Relation & vécu

Quand le chien devient un médiateur émotionnel

Quand le chien devient un médiateur émotionnel

Je suis moi-même une personne neurodivergente, et pour cette raison je fais attention à la manière dont j’aborde ce sujet. Je ne cherche pas à convaincre qui que ce soit d’adopter un chien. Vivre avec un animal ne correspond pas aux besoins de toutes les personnes neurodivergentes, et dans certains cas cela peut même ajouter de la fatigue, de la charge mentale ou du stress. Chaque fonctionnement est différent, chaque équilibre aussi.

En revanche, dans mon propre parcours, être accompagnée par mes deux chiens a profondément modifié mon quotidien. Leur présence m’a obligée à ralentir, à organiser mes journées, à sortir même lorsque je n’en avais pas l’élan, à observer davantage, à anticiper. Cette structuration extérieure a eu un effet réel sur ma régulation émotionnelle.

Qu’est-ce que la neurodivergence ?

On parle de neurodivergence pour désigner des fonctionnements neurologiques qui s’écartent de la norme majoritaire. Cela peut concerner par exemple les troubles du spectre de l’autisme, le TDAH, certaines formes d’hypersensibilité, des troubles anxieux ou des particularités sensorielles et attentionnelles. Ces fonctionnements peuvent influencer la manière dont les stimuli sont perçus, la gestion des émotions, la tolérance au stress ou encore la communication avec les autres.

Ce que le chien peut apporter

Le chien communique principalement par le corps, le rythme, la posture, la distance. Sa manière d’interagir est généralement plus constante que celle des humains, moins chargée de sous-entendus sociaux, moins dépendante de codes implicites. Pour certaines personnes neurodivergentes, cette prévisibilité peut être rassurante.

Plusieurs études ont montré que l’interaction avec un chien peut entraîner une diminution du cortisol, une augmentation de l’ocytocine, une baisse de la fréquence cardiaque et une réduction de l’anxiété, effets observés dans différents travaux publiés notamment dans Frontiers in Psychology.

Des recherches menées auprès d’enfants présentant un trouble du spectre de l’autisme ont montré que la présence d’un animal pouvait favoriser certaines interactions sociales et diminuer l’anxiété dans certaines situations, résultats rapportés notamment dans le Journal of Autism and Developmental Disorders.

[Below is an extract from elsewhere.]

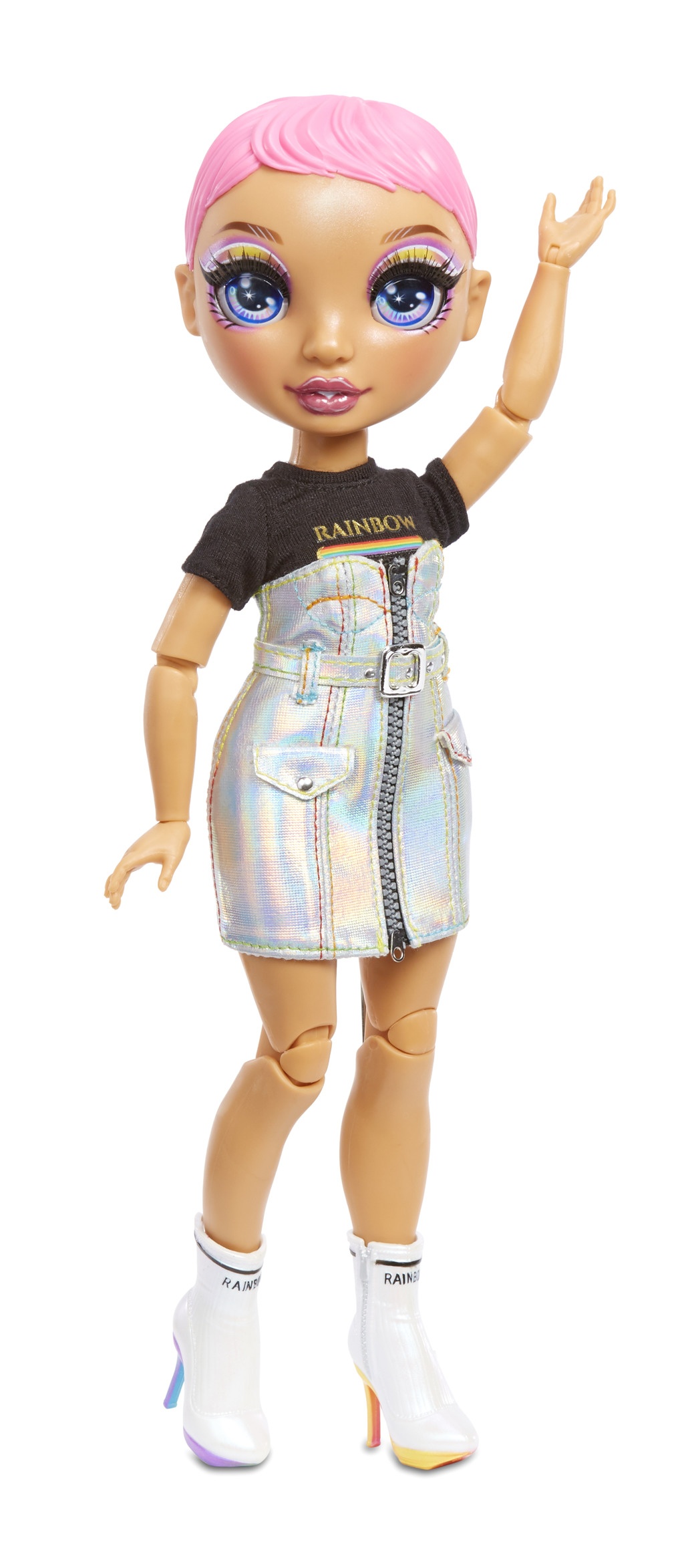 V Módním salónu najdeš exkluzivní Fashion panenku, které můžeš vybrat stylový duhový outfit podle vlastní fantazie. V balení najdeš více než 10 módních kousků a 4 páry bot, pomocí kterých vytvoříš více než 300 fashion kombinací. Oblečky pověsíš na luxusní zlatou šatní tyč. Změň panence i účes, balení obsahuje 2 paruky.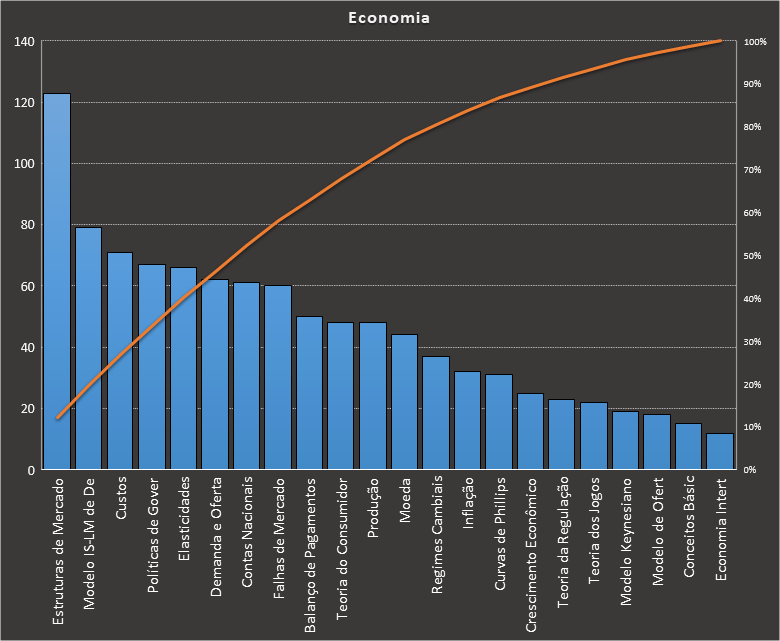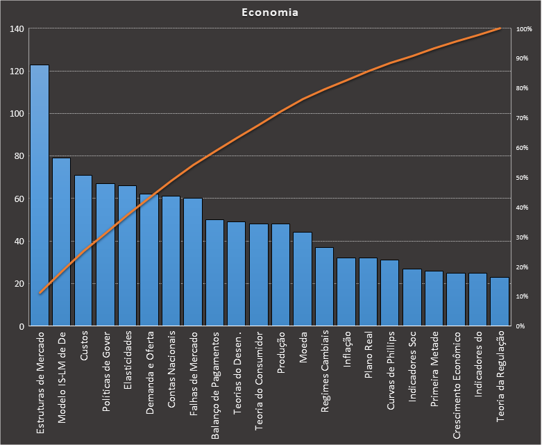 Nós utilizamos o guia acima como base para que, neste atual artigo, realizemos um levantamento dos assuntos mais cobrados e o apresentamos em curvas ABC. O objetivo é auxiliar o aluno a identificar tanto os assuntos mais importantes quanto os assuntos pouco cobrados e até deixados de lado. Este artigo permitirá que o aluno possa organizar seu tempo de estudos de forma desigual para os diferentes tópicos, podendo focar mais tempo nos temas que mais caem, e reservar menos tempo e menos empenho nos assuntos pouco cobrados.

La structuration du quotidien

Le chien peut également jouer un rôle dans la structuration du quotidien. Vivre avec lui impose un rythme : sortir, nourrir, observer, anticiper, organiser. Pour certaines personnes, cette contrainte peut être difficile. Pour d’autres, elle peut au contraire être aidante. Chez certaines personnes présentant des difficultés attentionnelles, la présence d’un animal a été associée à une amélioration de l’engagement dans certaines tâches, comme le suggèrent plusieurs travaux publiés dans le Human-Animal Interaction Bulletin.

Les limites importantes

Il est important de rappeler que le chien n’est pas une solution universelle. Dans certains cas, il peut représenter une charge supplémentaire, une source de fatigue ou de stress. Tout dépend du tempérament du chien, du fonctionnement de la personne, du contexte de vie et des attentes placées dans la relation. Un chien stressé, débordé ou mal compris ne peut pas être un bon médiateur. Le bien-être de l’animal doit toujours rester une priorité.

Lorsque les conditions sont réunies, la relation peut devenir un point d’appui. Pas parce que le chien est parfait, mais parce que sa manière d’être au monde est différente, parfois plus simple, parfois plus lisible, et que cette différence peut offrir un espace de sécurité.